◆ **TASK GOAL**:
Restate word for word the lines of the listing below, from its first line through the line with "Mullingar; County of", without the pictures.

◆ **SUPPLIED DATA**:
* * *
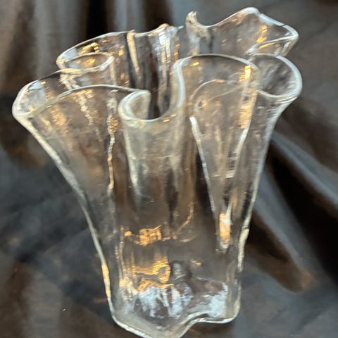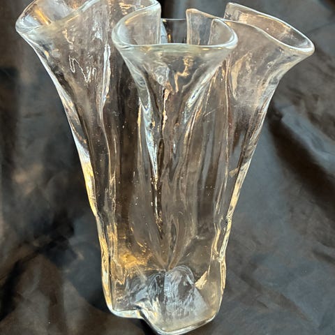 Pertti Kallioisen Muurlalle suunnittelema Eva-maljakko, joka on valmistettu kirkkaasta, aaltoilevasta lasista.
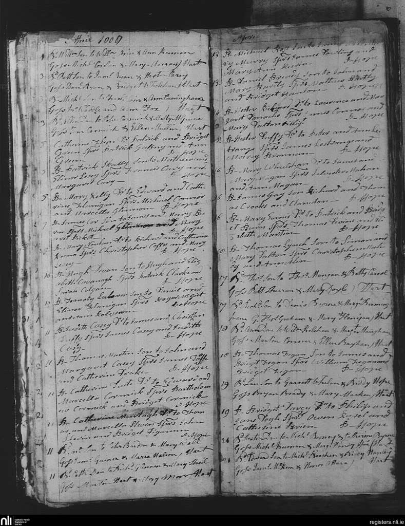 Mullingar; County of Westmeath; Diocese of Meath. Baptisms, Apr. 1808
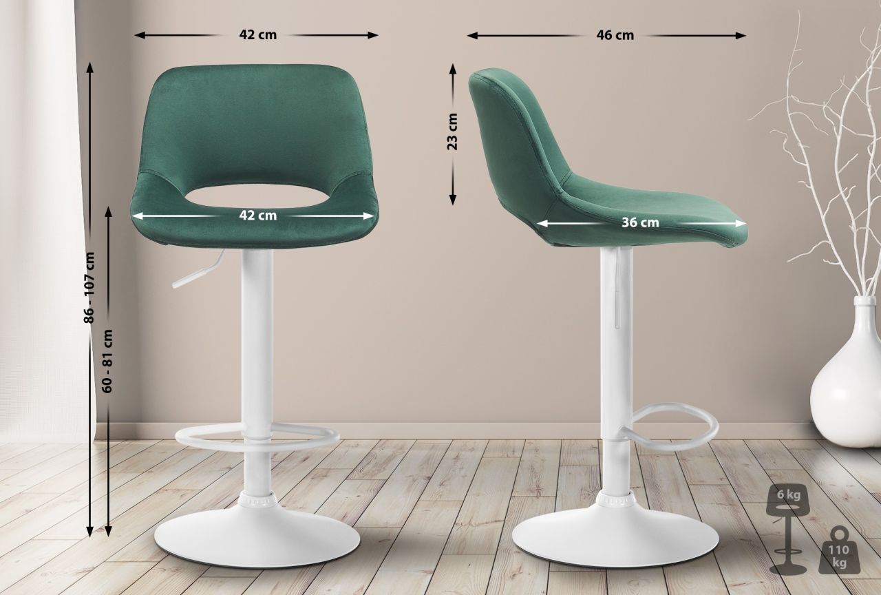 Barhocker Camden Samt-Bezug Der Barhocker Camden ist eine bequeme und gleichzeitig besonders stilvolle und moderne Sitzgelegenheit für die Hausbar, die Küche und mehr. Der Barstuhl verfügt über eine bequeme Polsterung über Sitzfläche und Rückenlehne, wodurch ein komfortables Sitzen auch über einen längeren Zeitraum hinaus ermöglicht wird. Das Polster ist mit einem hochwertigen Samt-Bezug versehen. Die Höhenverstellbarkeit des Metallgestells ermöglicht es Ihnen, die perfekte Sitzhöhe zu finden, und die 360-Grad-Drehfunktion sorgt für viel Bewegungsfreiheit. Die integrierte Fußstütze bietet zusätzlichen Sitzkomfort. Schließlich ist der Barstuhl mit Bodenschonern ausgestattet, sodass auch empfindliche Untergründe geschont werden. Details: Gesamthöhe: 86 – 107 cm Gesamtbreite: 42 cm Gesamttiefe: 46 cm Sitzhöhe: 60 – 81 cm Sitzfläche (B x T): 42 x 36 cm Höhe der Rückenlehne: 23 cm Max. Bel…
* * *
◆ **RESULT OF THE TASK**:
 Pertti Kallioisen Muurlalle suunnittelema Eva-maljakko, joka on valmistettu kirkkaasta, aaltoilevasta lasista.
 Mullingar; County of Westmeath; Diocese of Meath. Baptisms, Apr. 1808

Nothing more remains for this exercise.